What the task requires => Two lines mark the range in the entries below: the one holding "El mismo periodista" and the one holding "from our 2025". Set down those two and all lines between them, exactly.

Input data =>
-- Opening Marker --
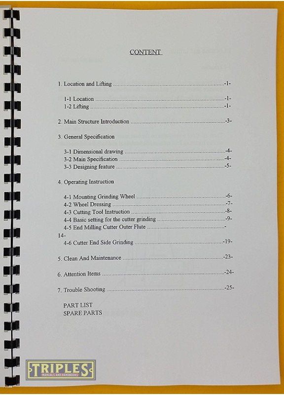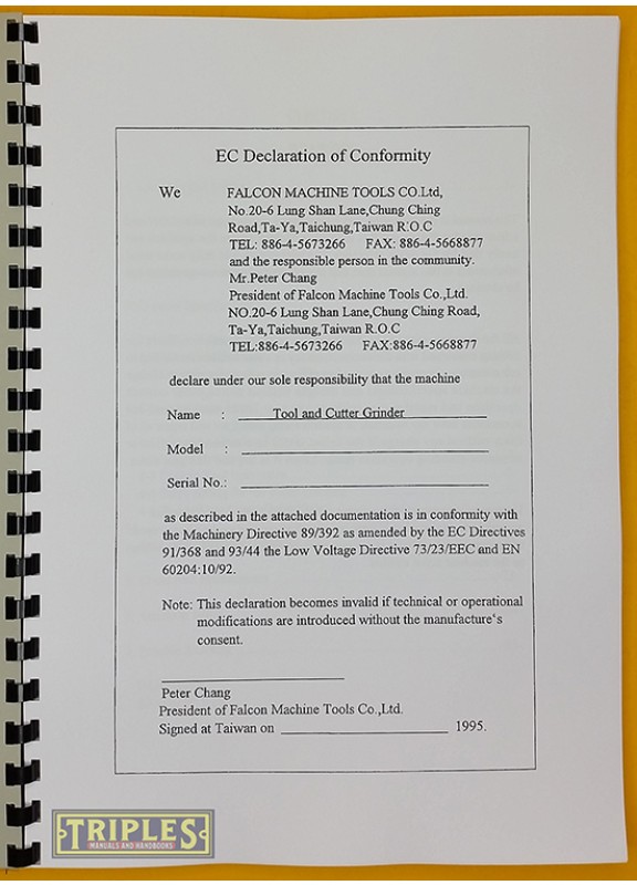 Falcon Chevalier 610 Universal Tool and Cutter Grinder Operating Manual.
-- Closing Marker --
-- Opening Marker --
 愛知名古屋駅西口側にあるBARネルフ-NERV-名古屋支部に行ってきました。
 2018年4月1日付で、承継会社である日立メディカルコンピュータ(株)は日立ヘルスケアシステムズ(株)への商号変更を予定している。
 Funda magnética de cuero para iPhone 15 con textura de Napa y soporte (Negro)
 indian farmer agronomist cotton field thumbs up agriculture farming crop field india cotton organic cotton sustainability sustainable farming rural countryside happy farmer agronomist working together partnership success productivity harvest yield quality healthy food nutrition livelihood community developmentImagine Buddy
-- Closing Marker --
-- Opening Marker --
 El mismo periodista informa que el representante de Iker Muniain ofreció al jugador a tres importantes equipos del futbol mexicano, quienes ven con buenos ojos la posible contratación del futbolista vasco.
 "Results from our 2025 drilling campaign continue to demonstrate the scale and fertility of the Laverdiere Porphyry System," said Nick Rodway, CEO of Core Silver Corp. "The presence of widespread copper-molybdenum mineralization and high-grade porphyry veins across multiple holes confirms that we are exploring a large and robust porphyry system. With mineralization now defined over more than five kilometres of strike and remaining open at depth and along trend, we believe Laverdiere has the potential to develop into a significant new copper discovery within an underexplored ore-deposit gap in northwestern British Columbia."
-- Closing Marker --
Expected answer =>
 El mismo periodista informa que el representante de Iker Muniain ofreció al jugador a tres importantes equipos del futbol mexicano, quienes ven con buenos ojos la posible contratación del futbolista vasco.
 "Results from our 2025 drilling campaign continue to demonstrate the scale and fertility of the Laverdiere Porphyry System," said Nick Rodway, CEO of Core Silver Corp. "The presence of widespread copper-molybdenum mineralization and high-grade porphyry veins across multiple holes confirms that we are exploring a large and robust porphyry system. With mineralization now defined over more than five kilometres of strike and remaining open at depth and along trend, we believe Laverdiere has the potential to develop into a significant new copper discovery within an underexplored ore-deposit gap in northwestern British Columbia."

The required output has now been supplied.